Jun 4 2015
Carnegie Mellon University chemists, led by Mark Bier, have separated and weighed virus particles using mass spectrometry (MS). This is the first time that researchers successfully used matrix-assisted laser desorption ionization MS to analyze a mixture of intact virus particles.
Bier, research professor of chemistry and director of Carnegie Mellon's Center for Molecular Analysis, and graduate student Logan Plath will present their findings in a poster session at the American Society for Mass Spectrometry Conference on Mass Spectrometry and Allied Topics today, June 2, in St Louis.
"It is important to study virus particles because they are everywhere on our Earth and in enormous numbers. They are not all bad for humans and, in fact, it could be said that bacteriophages are essential for life as we know it," Bier said. "We need to understand the good from the bad to better understand nature and how we can best take advantage of these molecular forms."
Mass spectrometers separate ionized molecules based on their mass-to-charge ratio. One limitation of mass spectrometry is in the analysis of macromolecules. Most instruments are unable to efficiently detect such large molecules at low charge states or must resort to creating high charge states that require high-resolution mass analysis. As a result, most researchers don't analyze whole macromolecules. Instead, they break down macromolecules into smaller parts in wet chemistry laboratories and analyze the subunits. While effective, this wet lab process can be time consuming and doesn't allow researchers to study intact macromolecules directly in the gas phase.

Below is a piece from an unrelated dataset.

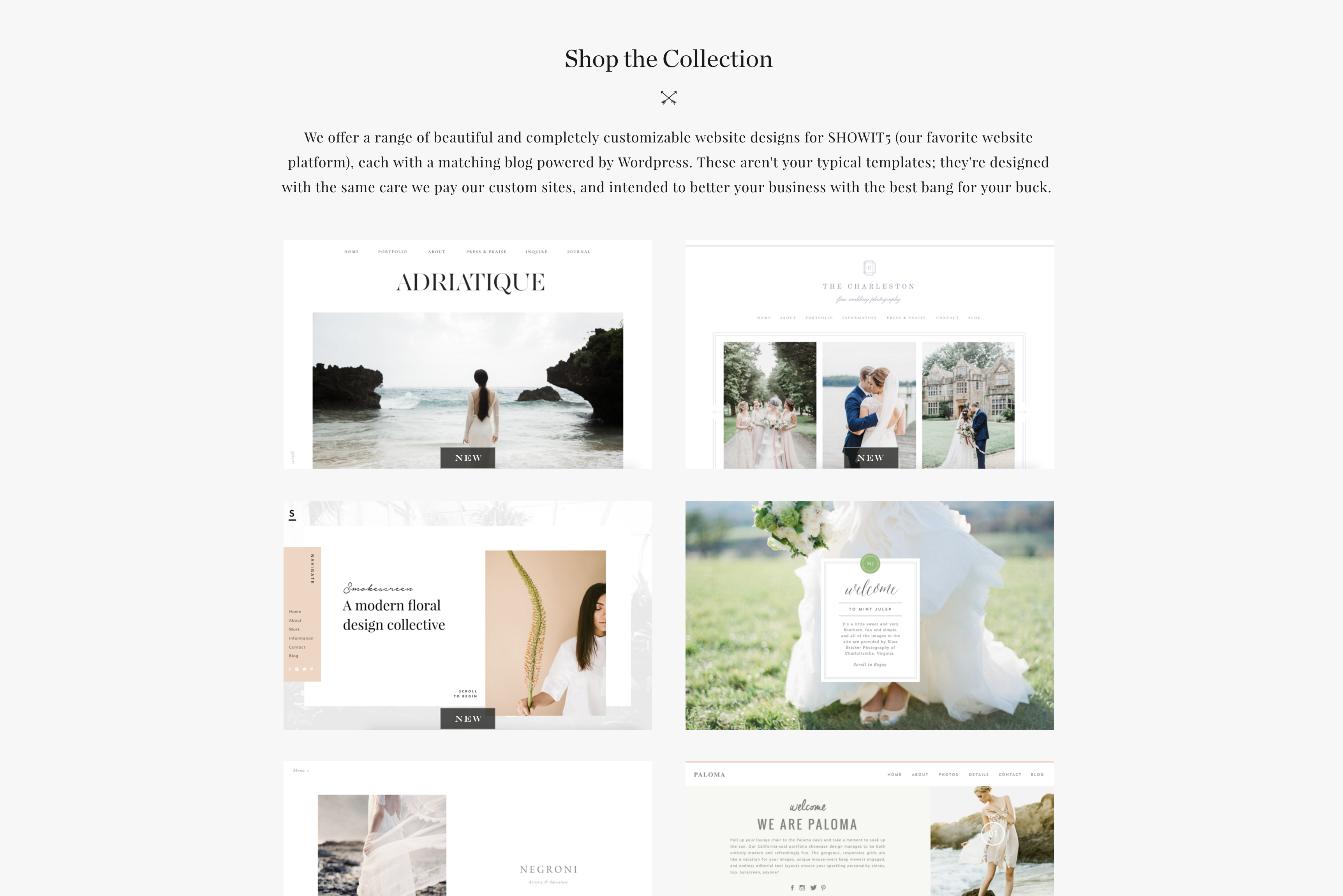If you’re looking for a custom design, find a designer with a portfolio of sites you vibe with and inquire with them — they typically book up fast! Or if you’d like something beautiful up and running ASAP, we’ve designed some beautiful SHOWIT templates over at on our collection page that we don’t think you’ll want to burn down… *wink*
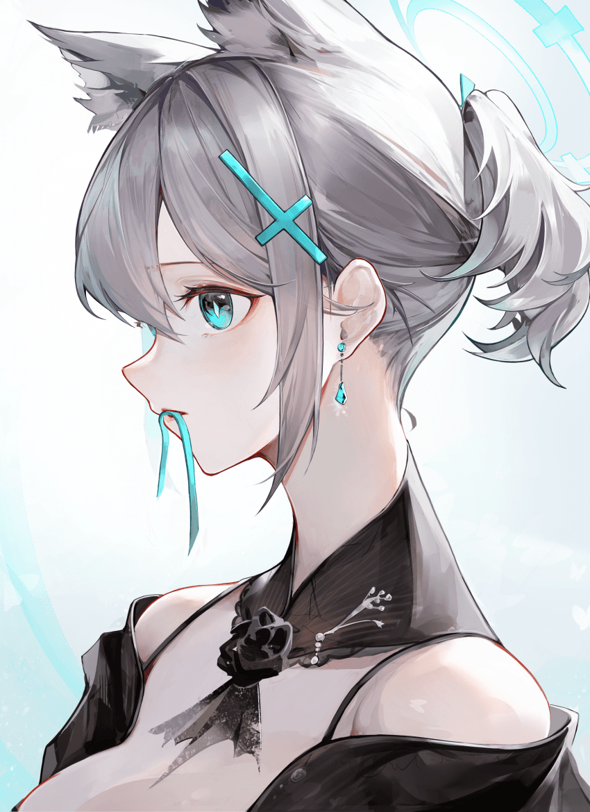 1girl alternate_costume alternate_hairstyle animal_ear_fluff animal_ears biting black_choker black_gloves blue_archive blue_eyes choker earrings extra_ears gloves grey_hair hair_ornament hairpin halo jewelry looking_to_the_side mouth_hold off_shoulder ponytail shiroko_(blue_archive) simple_background solo string toki_(rumukio) white_background wolf_ears

Because of their size, which can be more than a million times larger than a water molecule, viruses are one type of molecular complex that has seen only limited study by scientists using mass spectrometry. To overcome the high mass limitations, Bier's group uses a cryodetector-based matrix-assisted laser desorption/ionization time of flight mass spectrometer, called a Macromizer, that has 16 superconducting tunnel junction detectors. The 3.75 meter-long apparatus can analyze low charge heavy ions with a significantly higher signal than mass spectrometers with standard ionizing detectors. Carnegie Mellon is home to the only known active cryodetector mass spectrometer research lab in the U.S. and Bier's group also is developing the next generation cryodetector mass spectrometer.
Using samples of cowpea mosaic virus gathered and purified by the lab of Case Western Reserve University's Nicole Steinmetz, Bier's team used mass spectrometry to weigh and separate a mixture of two variants of the virus. One contained RNA1 and weighed 5.65 megadaltons; the second contained RNA2 and weighed 4.84 megadaltons. These weights were close to the theoretical weights that had been proposed for the virus particles.
Bier hopes that the technique, which he calls a form of "heavy ion mass spectrometry," can be used to analyze and study other viruses, and will be helpful in understanding the robustness of viral structure, the mechanics behind viral infection and provide new ways of virus detection and treatment. He also plans to continue to use the technique to study other types of heavy ions.